Would you reproduce exactly the lines below from the one holding "Plasticine 돼지 국수" through the one holding "Suitable height: 3-6M/66cm, 6-12M/73cm, 12-18M/80cm, 18-24M/90cm", inclusive, and no others?

Records for processing:
○ ○ ○ ○ ○ ○ ○

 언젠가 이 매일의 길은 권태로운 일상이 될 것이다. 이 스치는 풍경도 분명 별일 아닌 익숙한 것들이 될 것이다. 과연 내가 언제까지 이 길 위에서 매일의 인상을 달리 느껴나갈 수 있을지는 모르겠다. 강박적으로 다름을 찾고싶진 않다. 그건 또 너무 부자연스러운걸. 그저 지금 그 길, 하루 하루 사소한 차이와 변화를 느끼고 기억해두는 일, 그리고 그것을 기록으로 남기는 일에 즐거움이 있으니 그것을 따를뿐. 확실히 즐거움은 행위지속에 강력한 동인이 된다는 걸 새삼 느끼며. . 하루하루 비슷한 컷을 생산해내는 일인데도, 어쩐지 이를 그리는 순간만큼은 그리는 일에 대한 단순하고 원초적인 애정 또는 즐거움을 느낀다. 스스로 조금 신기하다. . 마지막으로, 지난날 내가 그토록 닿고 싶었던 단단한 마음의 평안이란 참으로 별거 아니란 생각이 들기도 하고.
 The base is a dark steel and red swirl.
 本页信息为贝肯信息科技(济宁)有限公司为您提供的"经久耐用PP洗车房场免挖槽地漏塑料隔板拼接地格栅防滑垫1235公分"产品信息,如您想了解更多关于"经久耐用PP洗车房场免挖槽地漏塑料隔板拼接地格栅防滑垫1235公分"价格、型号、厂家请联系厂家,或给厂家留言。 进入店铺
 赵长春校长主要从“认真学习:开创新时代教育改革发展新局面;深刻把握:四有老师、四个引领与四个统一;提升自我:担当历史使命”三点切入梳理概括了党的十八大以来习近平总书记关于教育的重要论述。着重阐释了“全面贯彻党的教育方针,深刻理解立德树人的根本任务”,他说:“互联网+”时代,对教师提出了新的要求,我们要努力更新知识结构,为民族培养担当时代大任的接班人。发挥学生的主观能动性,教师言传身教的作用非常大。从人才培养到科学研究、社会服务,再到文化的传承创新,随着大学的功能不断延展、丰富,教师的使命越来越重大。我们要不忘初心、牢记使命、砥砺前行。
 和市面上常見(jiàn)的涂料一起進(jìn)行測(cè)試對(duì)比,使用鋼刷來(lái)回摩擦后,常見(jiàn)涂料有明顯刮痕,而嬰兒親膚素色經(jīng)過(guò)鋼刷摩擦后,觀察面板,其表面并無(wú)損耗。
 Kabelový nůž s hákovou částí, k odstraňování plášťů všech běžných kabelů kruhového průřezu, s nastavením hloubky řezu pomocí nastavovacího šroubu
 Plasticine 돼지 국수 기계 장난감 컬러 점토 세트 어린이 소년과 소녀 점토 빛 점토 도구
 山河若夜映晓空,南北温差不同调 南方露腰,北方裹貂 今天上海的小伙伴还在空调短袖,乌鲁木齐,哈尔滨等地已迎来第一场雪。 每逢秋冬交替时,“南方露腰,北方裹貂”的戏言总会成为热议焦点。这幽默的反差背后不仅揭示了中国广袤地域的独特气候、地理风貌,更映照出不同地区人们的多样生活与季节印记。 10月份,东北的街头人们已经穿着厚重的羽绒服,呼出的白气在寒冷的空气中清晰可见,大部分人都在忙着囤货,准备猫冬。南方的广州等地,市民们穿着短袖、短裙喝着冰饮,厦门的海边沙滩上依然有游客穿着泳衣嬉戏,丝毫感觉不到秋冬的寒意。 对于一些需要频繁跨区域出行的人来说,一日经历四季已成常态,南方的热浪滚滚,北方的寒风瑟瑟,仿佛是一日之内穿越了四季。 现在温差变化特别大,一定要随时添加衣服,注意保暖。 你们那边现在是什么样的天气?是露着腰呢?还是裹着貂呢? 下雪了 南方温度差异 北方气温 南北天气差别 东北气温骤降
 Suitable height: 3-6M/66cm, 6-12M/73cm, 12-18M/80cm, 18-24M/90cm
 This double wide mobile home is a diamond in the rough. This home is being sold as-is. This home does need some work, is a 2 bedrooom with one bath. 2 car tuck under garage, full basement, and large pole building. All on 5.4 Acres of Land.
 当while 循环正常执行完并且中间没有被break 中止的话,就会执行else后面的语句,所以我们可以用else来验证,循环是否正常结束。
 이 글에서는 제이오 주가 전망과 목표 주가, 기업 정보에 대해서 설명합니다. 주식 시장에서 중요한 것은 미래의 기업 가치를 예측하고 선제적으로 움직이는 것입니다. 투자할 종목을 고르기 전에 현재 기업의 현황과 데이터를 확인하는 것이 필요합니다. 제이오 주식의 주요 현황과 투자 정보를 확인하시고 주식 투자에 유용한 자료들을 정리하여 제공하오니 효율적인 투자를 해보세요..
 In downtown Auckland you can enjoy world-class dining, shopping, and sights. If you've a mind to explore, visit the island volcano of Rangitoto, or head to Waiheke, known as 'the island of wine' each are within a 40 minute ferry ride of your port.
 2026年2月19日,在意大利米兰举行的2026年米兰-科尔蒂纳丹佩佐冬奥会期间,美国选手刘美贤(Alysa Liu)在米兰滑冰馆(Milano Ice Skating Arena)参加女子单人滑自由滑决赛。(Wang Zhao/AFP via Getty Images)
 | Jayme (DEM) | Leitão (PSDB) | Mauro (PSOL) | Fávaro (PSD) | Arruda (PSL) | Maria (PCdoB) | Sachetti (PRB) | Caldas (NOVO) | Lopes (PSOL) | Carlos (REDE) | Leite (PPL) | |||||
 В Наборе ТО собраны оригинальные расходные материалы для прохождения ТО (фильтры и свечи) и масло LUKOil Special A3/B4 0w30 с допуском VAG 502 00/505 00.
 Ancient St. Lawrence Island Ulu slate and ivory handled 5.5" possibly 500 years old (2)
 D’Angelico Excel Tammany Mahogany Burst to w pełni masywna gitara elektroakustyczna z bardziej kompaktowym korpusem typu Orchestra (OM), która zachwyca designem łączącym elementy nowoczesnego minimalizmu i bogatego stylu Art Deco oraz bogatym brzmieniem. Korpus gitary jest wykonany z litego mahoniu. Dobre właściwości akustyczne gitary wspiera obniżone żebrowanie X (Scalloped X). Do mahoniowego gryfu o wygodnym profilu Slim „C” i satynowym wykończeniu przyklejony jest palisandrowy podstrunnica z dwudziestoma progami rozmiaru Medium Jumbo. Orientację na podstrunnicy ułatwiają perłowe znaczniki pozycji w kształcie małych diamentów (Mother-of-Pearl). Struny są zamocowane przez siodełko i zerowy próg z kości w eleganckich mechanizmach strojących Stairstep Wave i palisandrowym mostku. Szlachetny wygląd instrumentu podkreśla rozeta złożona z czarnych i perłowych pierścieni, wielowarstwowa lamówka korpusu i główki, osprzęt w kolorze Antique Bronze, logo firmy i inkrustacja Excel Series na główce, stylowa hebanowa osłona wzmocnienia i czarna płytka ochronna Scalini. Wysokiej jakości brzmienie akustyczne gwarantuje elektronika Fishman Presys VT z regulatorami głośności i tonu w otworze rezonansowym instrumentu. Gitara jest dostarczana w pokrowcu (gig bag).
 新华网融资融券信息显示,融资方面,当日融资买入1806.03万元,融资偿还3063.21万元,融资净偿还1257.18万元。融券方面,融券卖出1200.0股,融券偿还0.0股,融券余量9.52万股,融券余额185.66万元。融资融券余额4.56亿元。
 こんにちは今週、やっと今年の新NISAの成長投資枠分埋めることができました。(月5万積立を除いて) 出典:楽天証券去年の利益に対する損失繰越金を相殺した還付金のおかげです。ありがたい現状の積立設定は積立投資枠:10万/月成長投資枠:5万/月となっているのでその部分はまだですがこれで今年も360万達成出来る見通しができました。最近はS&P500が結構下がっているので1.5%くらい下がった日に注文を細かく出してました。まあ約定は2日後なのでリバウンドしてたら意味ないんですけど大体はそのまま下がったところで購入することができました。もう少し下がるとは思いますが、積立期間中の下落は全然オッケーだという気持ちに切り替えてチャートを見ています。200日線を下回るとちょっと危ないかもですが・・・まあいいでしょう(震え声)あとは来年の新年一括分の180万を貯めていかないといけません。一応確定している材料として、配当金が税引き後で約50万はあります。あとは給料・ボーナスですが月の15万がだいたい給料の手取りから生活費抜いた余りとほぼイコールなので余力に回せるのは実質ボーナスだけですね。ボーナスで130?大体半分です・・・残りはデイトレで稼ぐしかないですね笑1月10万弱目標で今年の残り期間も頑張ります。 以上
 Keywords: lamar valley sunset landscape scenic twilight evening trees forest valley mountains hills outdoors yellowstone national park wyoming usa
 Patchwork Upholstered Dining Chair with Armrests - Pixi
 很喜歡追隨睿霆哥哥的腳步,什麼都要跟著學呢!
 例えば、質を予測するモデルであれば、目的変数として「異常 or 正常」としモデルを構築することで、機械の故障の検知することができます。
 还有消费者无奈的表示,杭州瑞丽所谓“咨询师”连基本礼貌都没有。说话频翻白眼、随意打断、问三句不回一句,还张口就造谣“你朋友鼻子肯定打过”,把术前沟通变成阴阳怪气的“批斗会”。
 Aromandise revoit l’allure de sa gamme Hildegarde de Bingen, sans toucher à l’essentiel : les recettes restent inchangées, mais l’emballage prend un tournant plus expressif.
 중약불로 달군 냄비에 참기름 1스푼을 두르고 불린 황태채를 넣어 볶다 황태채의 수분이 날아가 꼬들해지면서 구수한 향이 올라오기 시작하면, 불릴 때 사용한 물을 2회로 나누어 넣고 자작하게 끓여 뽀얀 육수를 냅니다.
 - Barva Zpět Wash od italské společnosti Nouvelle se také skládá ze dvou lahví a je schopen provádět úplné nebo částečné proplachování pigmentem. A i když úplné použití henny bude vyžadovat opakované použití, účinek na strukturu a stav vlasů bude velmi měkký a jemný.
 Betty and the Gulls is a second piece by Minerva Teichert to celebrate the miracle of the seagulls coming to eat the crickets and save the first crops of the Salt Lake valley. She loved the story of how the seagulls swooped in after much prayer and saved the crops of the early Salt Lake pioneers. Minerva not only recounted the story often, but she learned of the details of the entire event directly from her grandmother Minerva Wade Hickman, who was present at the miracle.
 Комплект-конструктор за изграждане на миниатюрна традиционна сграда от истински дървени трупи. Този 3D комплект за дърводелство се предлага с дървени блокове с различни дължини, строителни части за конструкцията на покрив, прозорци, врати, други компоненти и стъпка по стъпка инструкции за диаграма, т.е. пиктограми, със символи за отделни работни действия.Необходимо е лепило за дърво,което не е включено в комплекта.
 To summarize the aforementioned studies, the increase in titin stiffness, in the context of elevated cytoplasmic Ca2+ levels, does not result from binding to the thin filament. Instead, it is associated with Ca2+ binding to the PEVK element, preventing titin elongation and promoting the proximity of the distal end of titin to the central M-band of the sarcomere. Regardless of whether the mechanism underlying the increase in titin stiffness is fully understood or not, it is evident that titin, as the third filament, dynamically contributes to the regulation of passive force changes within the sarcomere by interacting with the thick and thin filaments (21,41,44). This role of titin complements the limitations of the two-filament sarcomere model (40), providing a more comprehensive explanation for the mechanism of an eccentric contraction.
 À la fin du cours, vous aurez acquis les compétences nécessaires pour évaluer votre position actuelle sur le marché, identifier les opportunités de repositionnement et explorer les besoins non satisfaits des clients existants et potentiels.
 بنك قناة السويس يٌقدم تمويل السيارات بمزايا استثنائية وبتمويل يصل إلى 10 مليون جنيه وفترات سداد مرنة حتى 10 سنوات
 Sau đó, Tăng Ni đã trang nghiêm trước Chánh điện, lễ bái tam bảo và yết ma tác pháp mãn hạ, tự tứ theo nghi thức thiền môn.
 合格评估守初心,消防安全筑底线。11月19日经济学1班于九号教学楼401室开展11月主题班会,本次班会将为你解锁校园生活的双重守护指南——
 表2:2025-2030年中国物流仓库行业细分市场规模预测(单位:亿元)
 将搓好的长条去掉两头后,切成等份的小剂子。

○ ○ ○ ○ ○ ○ ○

Response:
 Plasticine 돼지 국수 기계 장난감 컬러 점토 세트 어린이 소년과 소녀 점토 빛 점토 도구
 山河若夜映晓空,南北温差不同调 南方露腰,北方裹貂 今天上海的小伙伴还在空调短袖,乌鲁木齐,哈尔滨等地已迎来第一场雪。 每逢秋冬交替时,“南方露腰,北方裹貂”的戏言总会成为热议焦点。这幽默的反差背后不仅揭示了中国广袤地域的独特气候、地理风貌,更映照出不同地区人们的多样生活与季节印记。 10月份,东北的街头人们已经穿着厚重的羽绒服,呼出的白气在寒冷的空气中清晰可见,大部分人都在忙着囤货,准备猫冬。南方的广州等地,市民们穿着短袖、短裙喝着冰饮,厦门的海边沙滩上依然有游客穿着泳衣嬉戏,丝毫感觉不到秋冬的寒意。 对于一些需要频繁跨区域出行的人来说,一日经历四季已成常态,南方的热浪滚滚,北方的寒风瑟瑟,仿佛是一日之内穿越了四季。 现在温差变化特别大,一定要随时添加衣服,注意保暖。 你们那边现在是什么样的天气?是露着腰呢?还是裹着貂呢? 下雪了 南方温度差异 北方气温 南北天气差别 东北气温骤降
 Suitable height: 3-6M/66cm, 6-12M/73cm, 12-18M/80cm, 18-24M/90cm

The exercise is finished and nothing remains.